Falando em nome do grupo africano no Conselho Executivo da OMS, o delegado de Ruanda demonstrou preocupação semelhante. Muitos países já são forçados a gastar mais no pagamento da dívida do que em Saúde e Educação, afirmou. De acordo com os dados citados pelo grupo africano no Conselho Executivo, a mediana da relação dívida pública/PIB na África Subsaariana quase dobrou em menos de 15 anos: passou de 32% em 2010 para 57% em 2022.


Em vez de introduzir mecanismos que forcem países de baixa e média renda a contrair ainda mais empréstimos, na esperança de fornecer Atenção Primária à Saúde, os membros da OMS deveriam exigir o cancelamento das dívidas, abrindo assim mais espaço para os governos fortalecerem a APS em seus próprios termos, concordam MSP e PSI.

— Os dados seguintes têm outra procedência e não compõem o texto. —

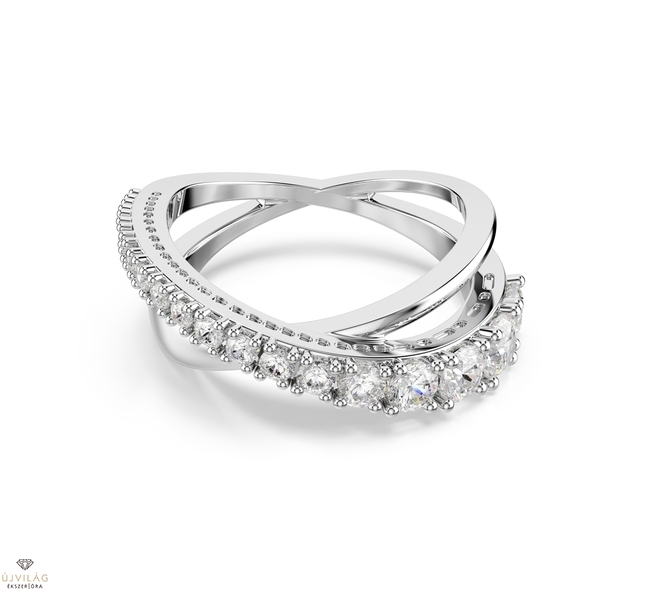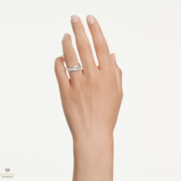 Ez a Swarovski gyűrű egyedi darab, és a spirálos trend ihlette. Két csillogó pánt fonódik össze elegáns ívekben, az egyik növekvő méretű, átlátszó kristályokból álló pavédíszítést kapott, a másik pedig letisztult fémes formában pompázik. Ez a gyűrű egy csipetnyi ragyogással dob fel bármely megjelenést, így ragyogó választás a mindennapokra.
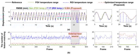 Figure 13a compares the ROI images and corresponding matching results at the 340th frame without an external heat source (i.e., the finger). Only one feature point was matched when the FOV temperature range was used, because of the relatively small temperature variations within the ROI. Although a relatively large number of feature points (27) matched when the ROI temperature range was used, many were mismatched. Therefore, the displacement estimation accuracy was low in both cases. Figure 13b compares the ROI images and corresponding matching results at the 768th frame with the external heat source (i.e., the finger). No feature point was matched when the FOV temperature range was used, which caused failure in the continuous displacement estimation. The external heat source significantly reduced the number of matched feature points, and decreased the displacement estimation accuracy when using the ROI temperature range. However, the external heat source had less effect on the number of matched feature points when using the optimized temperature range, and four sufficient feature points were stably matched in both the 340th and 768th frames.
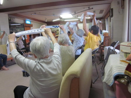 全身の筋をタオルを使って伸ばします。
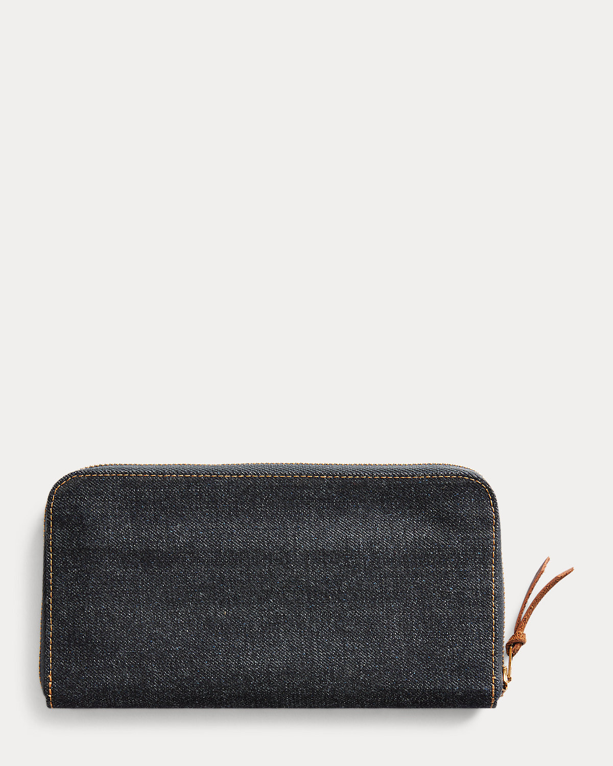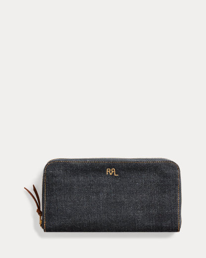 Made from indigo-dyed denim. Removable coin wallet at the interior with six card slots. Double RL Ranch logo embroidered at the front. Brass zippers with leather pull tabs.
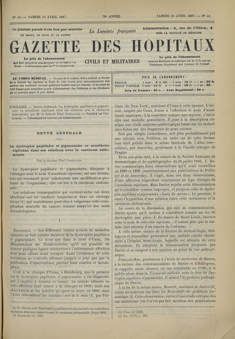 1897, tome 70e année. -
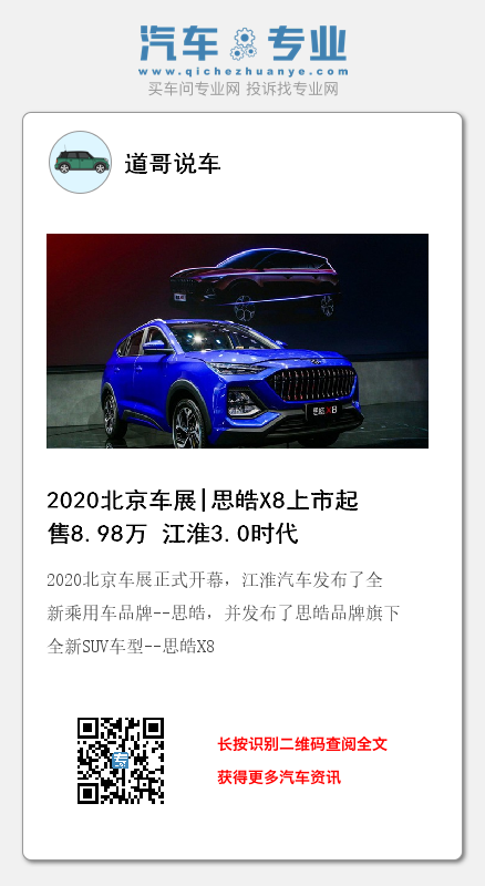 2020北京车展正式开幕,江淮汽车发布了全新乘用车品牌--思皓,并发布了思皓品牌旗下全新SUV车型--思皓X8。新车共推出8款车型,售价区间为8.98-12.98万元。此外,新车上市即优惠6000元,并提供多款优惠礼包,优惠后的售价区间为8.38-12.98万元。江淮汽车集团副总经济师、乘用车营销公司总经理张文根在介绍思皓X8时表示,思皓乘用车已实现全面对标、全线达标、全速共标,将引领以用户体验为中心的乘用车3.0时代行稳致远。
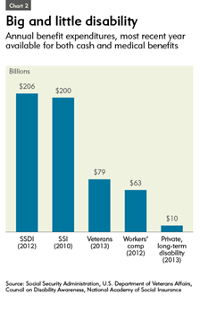 With much higher enrollments, federal disability programs dominate total program outlays. Combined, recipients of SSDI, SSI and veterans disability received almost $500 billion a year in cash and medical benefits (see Chart 2). The only private program in the same neighborhood is workers’ compensation, at $63 billion in benefits.

“A atenção básica não é um investimento rentável. O que os países de baixa e média renda precisam é do cancelamento de dívidas e novos acordos – não de mais dívidas em nome da APS e da UHC”, afirmou o MSP.


¹ O texto foi publicado originalmente em 26 de janeiro de 2024.


² Trata-se de um dos Objetivos de Desenvolvimento Sustentável elaborados pela Organização das Nações Unidas (ONU). A ideia é garantir que todos os indivíduos e comunidades dos países membros tenham acesso aos serviços de saúde necessários, sem sofrerem dificuldades financeiras. Optou-se pela utilização da sigla em inglês para evitar cacofonia.